Really, I think we’ve done that. What if we had just said, Buck, “You know what? This is gonna suck, and we wish that this pandemic hadn’t arrived, but the only thing you can really do is if you’re super unhealthy, we would encourage you to limit your exposure to others. If you otherwise are basically under 60 and healthy, you’re probably gonna get this, but you’re probably gonna be fine,” what would the country look like?
BUCK: I made that argument publicly in April of 2020, and libs accused me of being Thanos.
CLAY: Yes.
BUCK: Wanting everyone to die with the snap of my fingers.
CLAY: Actually, a funny liberal attack upon you, ’cause that also ties in with Marvel, as these things can go. Yes, it was funny. But I made the same kind of arguments, and I always said the same thing. And I did it from a sports perspective ’cause my argument was we have to find a way to get the sports book. And a lot of people said, “If we play sports all the athletes are gonna die!”
How many athletes have even had anything other than a sniffle, Buck, since we came back with sports? There’s been zero impact there, right?
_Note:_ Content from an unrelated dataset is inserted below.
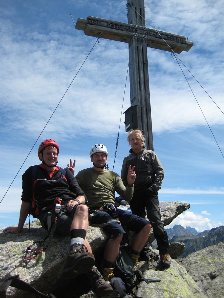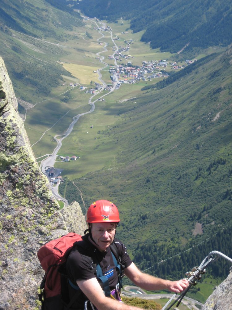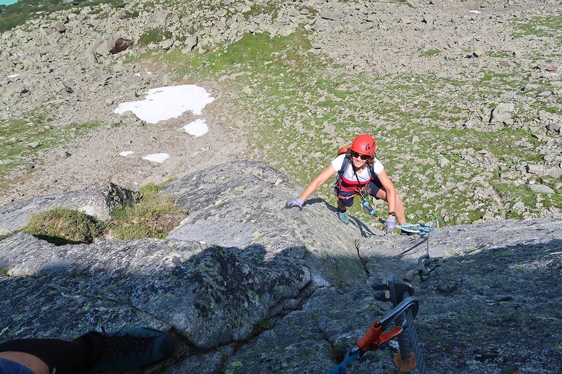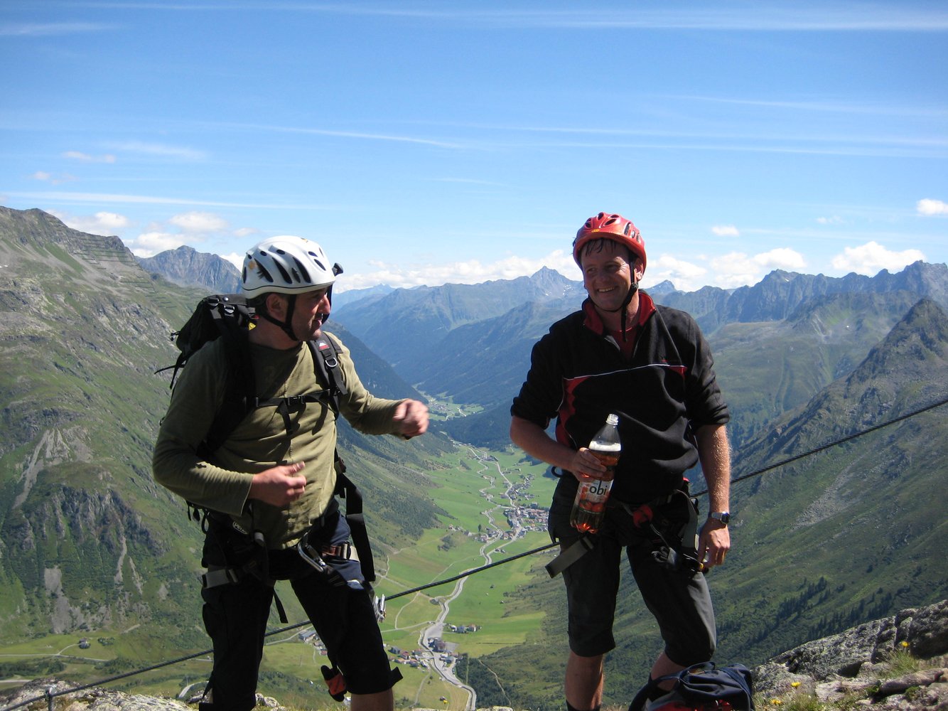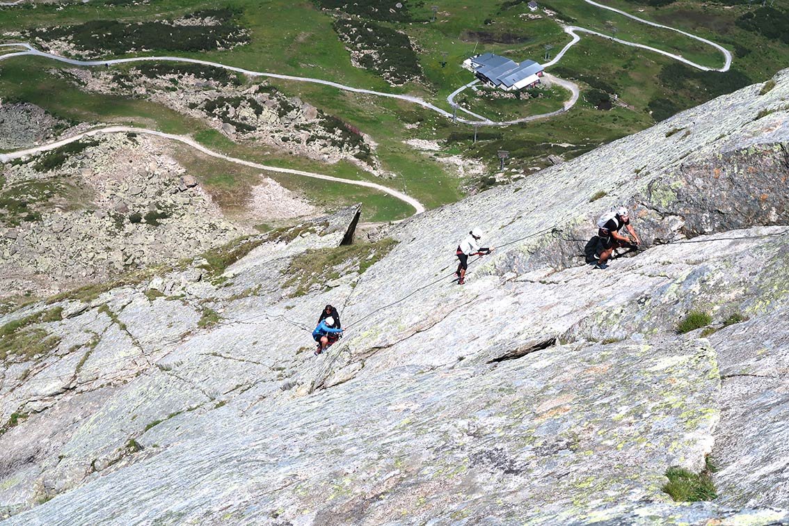 Komplette Klettersteigausrüstung und Helm; für Schwächere evtl. ein kurzes Sicherungsseil.

So I wish we can go back and actually see, because to your point, people will say, “Oh, it would have been worse if we hadn’t spent $5 trillion.” That’s what they’ll argue. I think they’re totally wrong. I think we basically picked the worst possible option.
BUCK: If you look at also at the excess mortality data now that we really have it — and there’s still a lot that has to go into finding out who died from versus with covid.
CLAY: Yes.
BUCK: That’s a whole… That’s gonna be eye opening, folks, when that analysis is actually done. But remember they told us, “Oh, Trump, Trump is the reason all this bad stuff happening!” The U.K. basically had the same thing. Is that Trump’s fault? Italy, I think, was like a 13% increase. We are a 15% increase. The U.K. was a 15% increase, major European countries had very similar outcomes to the U.S. But remember the whole argument in 2020 was, “It’s ’cause Trump is so awful!” These people are lunatics.
CLAY: And if they didn’t have similar outcomes, it’s because their age range and health status is different. In other words, we got a lot of old, fat people who aren’t making good health decisions and overwhelmingly obesity was the number one controllable factor in terms of severity of covid.